| What the exercise asks |
Restate each of the lines below word for word and drop every picture.
───── Source records
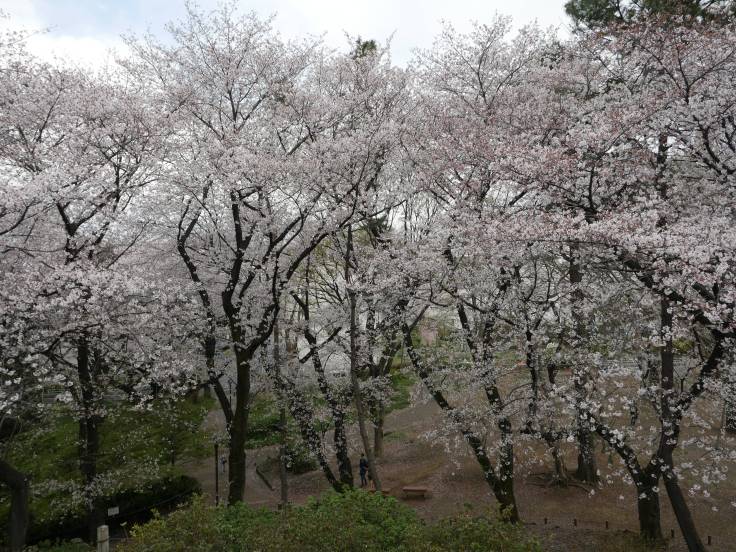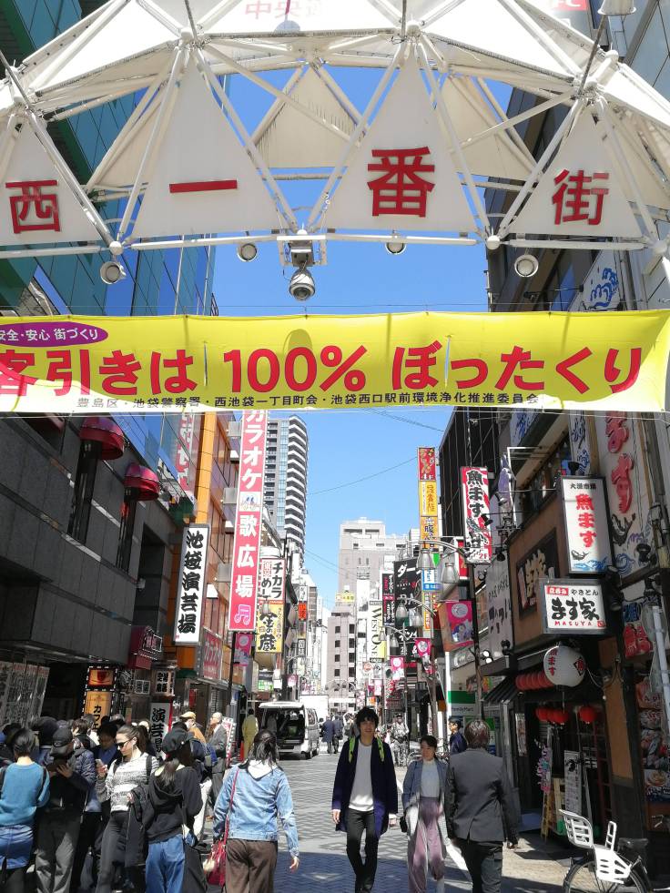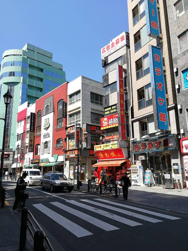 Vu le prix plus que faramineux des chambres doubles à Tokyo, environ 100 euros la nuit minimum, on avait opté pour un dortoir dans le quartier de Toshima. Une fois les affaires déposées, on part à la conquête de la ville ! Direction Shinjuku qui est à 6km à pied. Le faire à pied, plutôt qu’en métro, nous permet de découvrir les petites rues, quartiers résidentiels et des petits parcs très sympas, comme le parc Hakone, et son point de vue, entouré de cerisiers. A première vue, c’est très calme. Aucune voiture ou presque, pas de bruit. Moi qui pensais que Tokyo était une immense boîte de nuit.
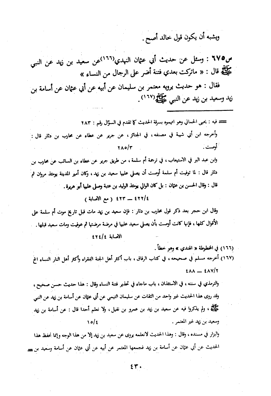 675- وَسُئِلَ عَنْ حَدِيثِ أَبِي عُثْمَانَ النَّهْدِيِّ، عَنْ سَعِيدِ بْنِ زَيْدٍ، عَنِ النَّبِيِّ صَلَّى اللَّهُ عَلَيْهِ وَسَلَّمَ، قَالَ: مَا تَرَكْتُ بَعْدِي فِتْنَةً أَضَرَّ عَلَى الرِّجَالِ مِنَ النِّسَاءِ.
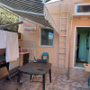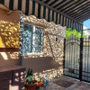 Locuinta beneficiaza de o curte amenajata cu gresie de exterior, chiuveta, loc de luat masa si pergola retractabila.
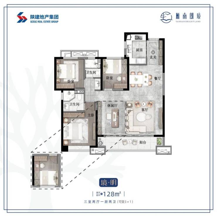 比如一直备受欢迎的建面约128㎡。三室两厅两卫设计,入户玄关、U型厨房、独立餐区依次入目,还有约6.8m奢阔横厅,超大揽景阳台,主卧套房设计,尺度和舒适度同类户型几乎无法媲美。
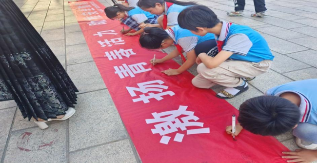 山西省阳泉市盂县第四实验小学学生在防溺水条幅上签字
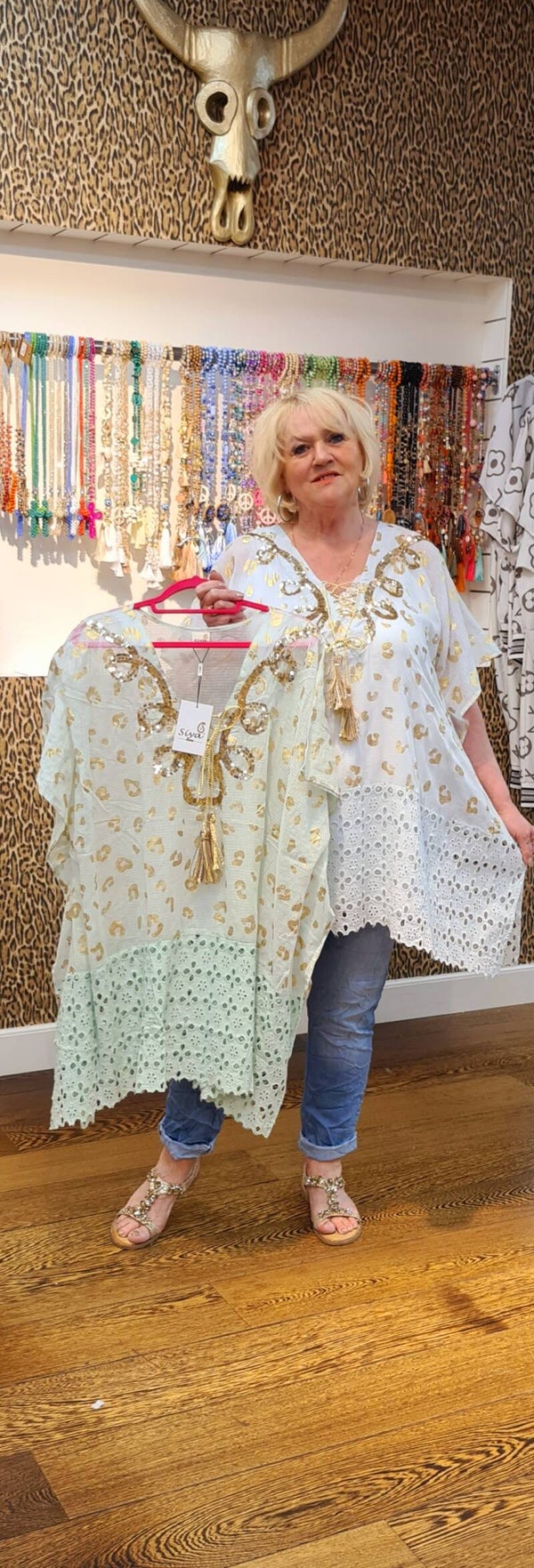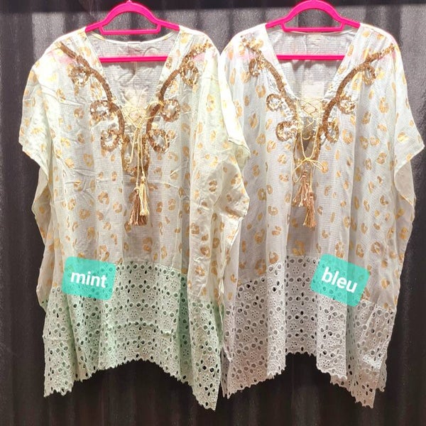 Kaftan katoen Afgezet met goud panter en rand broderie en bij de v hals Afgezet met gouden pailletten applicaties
──────────
| Written response |
 Vu le prix plus que faramineux des chambres doubles à Tokyo, environ 100 euros la nuit minimum, on avait opté pour un dortoir dans le quartier de Toshima. Une fois les affaires déposées, on part à la conquête de la ville ! Direction Shinjuku qui est à 6km à pied. Le faire à pied, plutôt qu’en métro, nous permet de découvrir les petites rues, quartiers résidentiels et des petits parcs très sympas, comme le parc Hakone, et son point de vue, entouré de cerisiers. A première vue, c’est très calme. Aucune voiture ou presque, pas de bruit. Moi qui pensais que Tokyo était une immense boîte de nuit.
 675- وَسُئِلَ عَنْ حَدِيثِ أَبِي عُثْمَانَ النَّهْدِيِّ، عَنْ سَعِيدِ بْنِ زَيْدٍ، عَنِ النَّبِيِّ صَلَّى اللَّهُ عَلَيْهِ وَسَلَّمَ، قَالَ: مَا تَرَكْتُ بَعْدِي فِتْنَةً أَضَرَّ عَلَى الرِّجَالِ مِنَ النِّسَاءِ.
 Locuinta beneficiaza de o curte amenajata cu gresie de exterior, chiuveta, loc de luat masa si pergola retractabila.
 比如一直备受欢迎的建面约128㎡。三室两厅两卫设计,入户玄关、U型厨房、独立餐区依次入目,还有约6.8m奢阔横厅,超大揽景阳台,主卧套房设计,尺度和舒适度同类户型几乎无法媲美。
 山西省阳泉市盂县第四实验小学学生在防溺水条幅上签字
 Kaftan katoen Afgezet met goud panter en rand broderie en bij de v hals Afgezet met gouden pailletten applicaties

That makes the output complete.